#### Listed entries
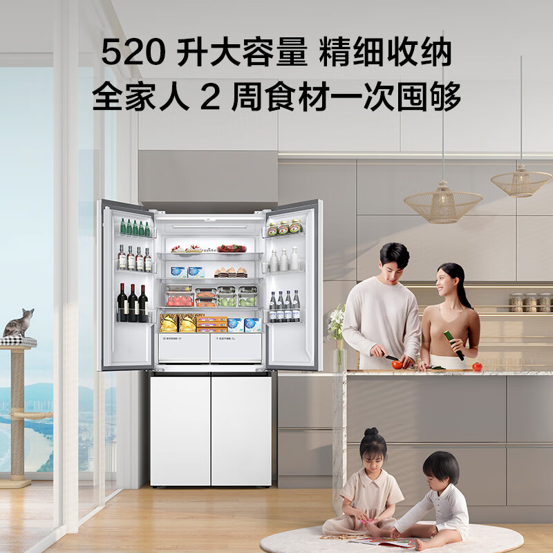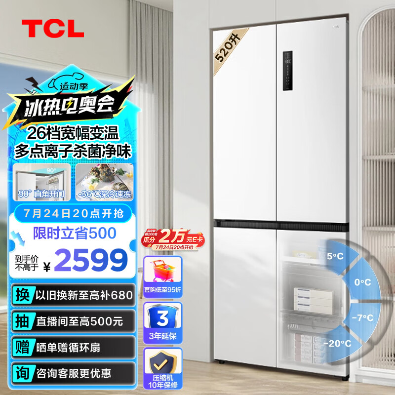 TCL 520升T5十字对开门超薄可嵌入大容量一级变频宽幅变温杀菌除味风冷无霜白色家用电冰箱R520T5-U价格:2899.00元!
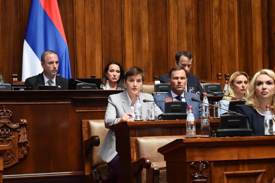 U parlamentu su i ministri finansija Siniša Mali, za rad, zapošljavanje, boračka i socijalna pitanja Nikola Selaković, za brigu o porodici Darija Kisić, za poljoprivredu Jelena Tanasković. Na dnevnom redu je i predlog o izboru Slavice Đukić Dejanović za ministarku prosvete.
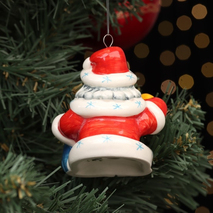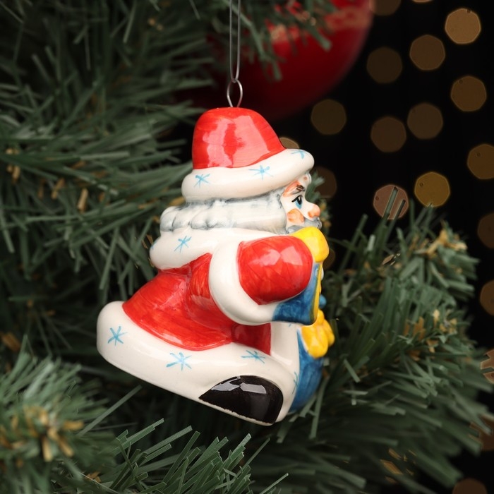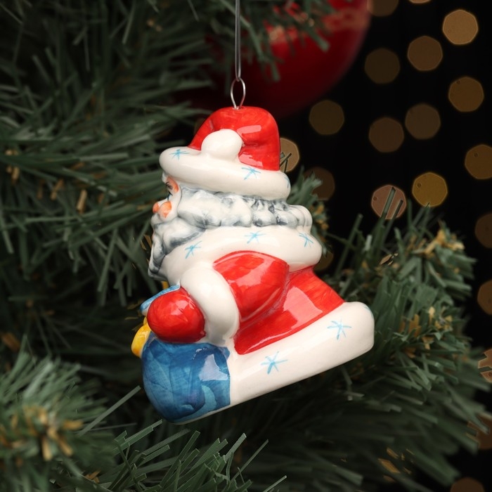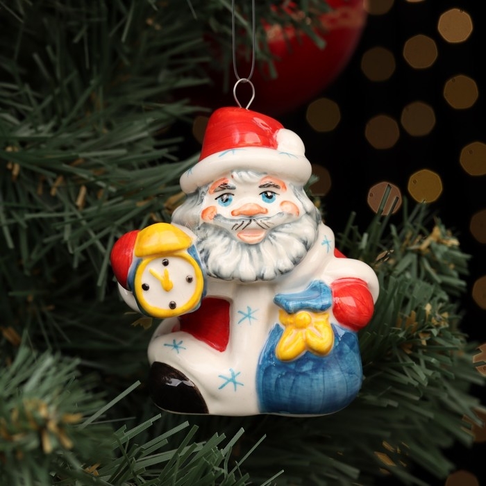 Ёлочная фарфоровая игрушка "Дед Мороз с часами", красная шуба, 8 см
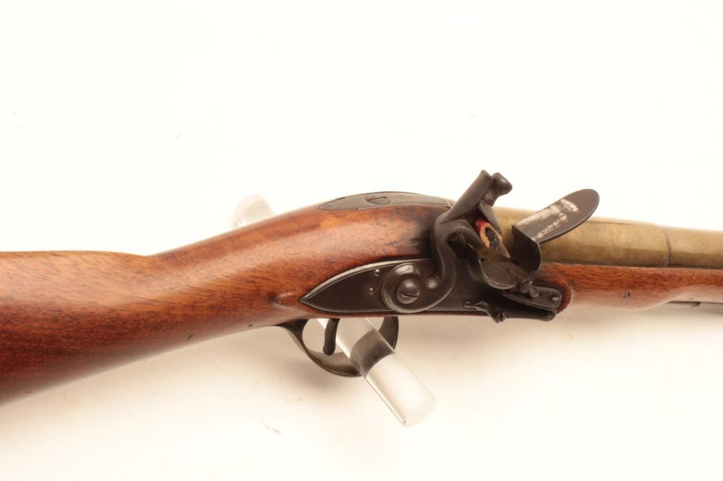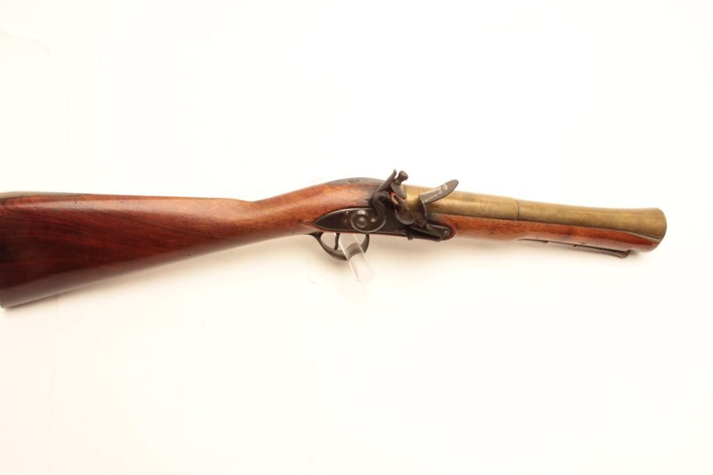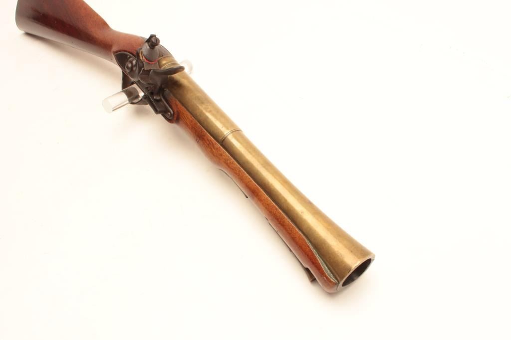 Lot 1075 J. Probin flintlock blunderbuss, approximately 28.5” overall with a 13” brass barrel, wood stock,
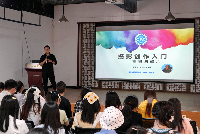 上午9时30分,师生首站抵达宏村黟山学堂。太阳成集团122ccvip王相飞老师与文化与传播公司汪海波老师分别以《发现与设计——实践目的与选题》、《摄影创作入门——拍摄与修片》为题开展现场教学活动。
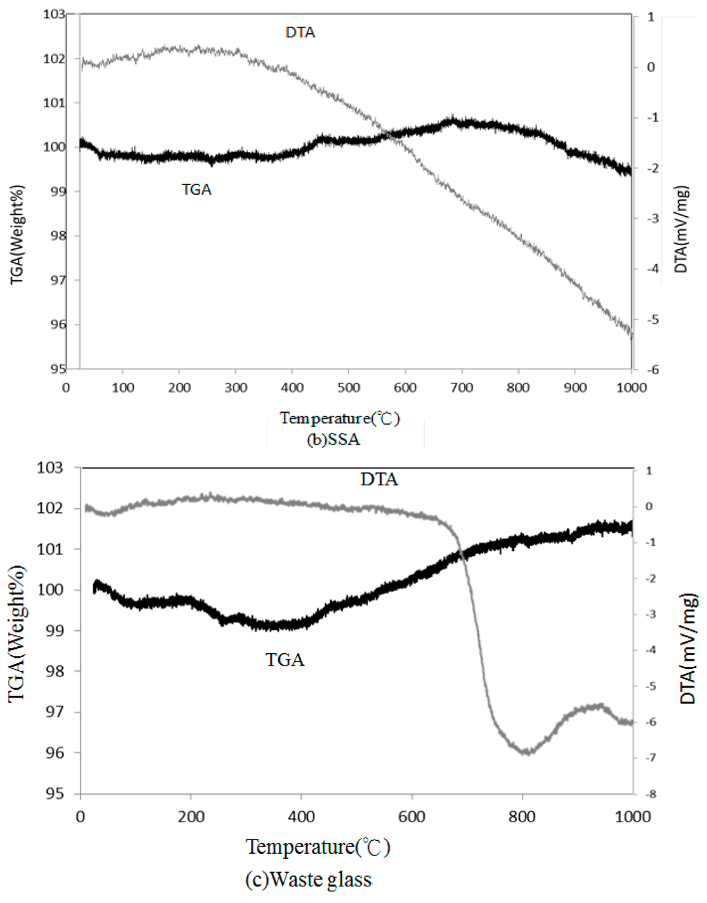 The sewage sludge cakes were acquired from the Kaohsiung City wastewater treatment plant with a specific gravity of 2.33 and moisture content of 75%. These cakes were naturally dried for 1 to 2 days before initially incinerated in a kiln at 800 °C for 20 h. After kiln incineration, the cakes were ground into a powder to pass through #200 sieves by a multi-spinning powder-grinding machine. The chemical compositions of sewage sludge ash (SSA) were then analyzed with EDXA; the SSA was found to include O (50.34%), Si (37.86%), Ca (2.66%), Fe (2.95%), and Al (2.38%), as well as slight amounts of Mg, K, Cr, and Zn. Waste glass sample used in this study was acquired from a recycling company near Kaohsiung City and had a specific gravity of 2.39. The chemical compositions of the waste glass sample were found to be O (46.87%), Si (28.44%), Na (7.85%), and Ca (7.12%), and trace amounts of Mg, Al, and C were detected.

#### What the exercise asks
Please retype the data exactly. The pictures do not go in.

#### Task response
 TCL 520升T5十字对开门超薄可嵌入大容量一级变频宽幅变温杀菌除味风冷无霜白色家用电冰箱R520T5-U价格:2899.00元!
 U parlamentu su i ministri finansija Siniša Mali, za rad, zapošljavanje, boračka i socijalna pitanja Nikola Selaković, za brigu o porodici Darija Kisić, za poljoprivredu Jelena Tanasković. Na dnevnom redu je i predlog o izboru Slavice Đukić Dejanović za ministarku prosvete.
 Ёлочная фарфоровая игрушка "Дед Мороз с часами", красная шуба, 8 см
 Lot 1075 J. Probin flintlock blunderbuss, approximately 28.5” overall with a 13” brass barrel, wood stock,
 上午9时30分,师生首站抵达宏村黟山学堂。太阳成集团122ccvip王相飞老师与文化与传播公司汪海波老师分别以《发现与设计——实践目的与选题》、《摄影创作入门——拍摄与修片》为题开展现场教学活动。
 The sewage sludge cakes were acquired from the Kaohsiung City wastewater treatment plant with a specific gravity of 2.33 and moisture content of 75%. These cakes were naturally dried for 1 to 2 days before initially incinerated in a kiln at 800 °C for 20 h. After kiln incineration, the cakes were ground into a powder to pass through #200 sieves by a multi-spinning powder-grinding machine. The chemical compositions of sewage sludge ash (SSA) were then analyzed with EDXA; the SSA was found to include O (50.34%), Si (37.86%), Ca (2.66%), Fe (2.95%), and Al (2.38%), as well as slight amounts of Mg, K, Cr, and Zn. Waste glass sample used in this study was acquired from a recycling company near Kaohsiung City and had a specific gravity of 2.39. The chemical compositions of the waste glass sample were found to be O (46.87%), Si (28.44%), Na (7.85%), and Ca (7.12%), and trace amounts of Mg, Al, and C were detected.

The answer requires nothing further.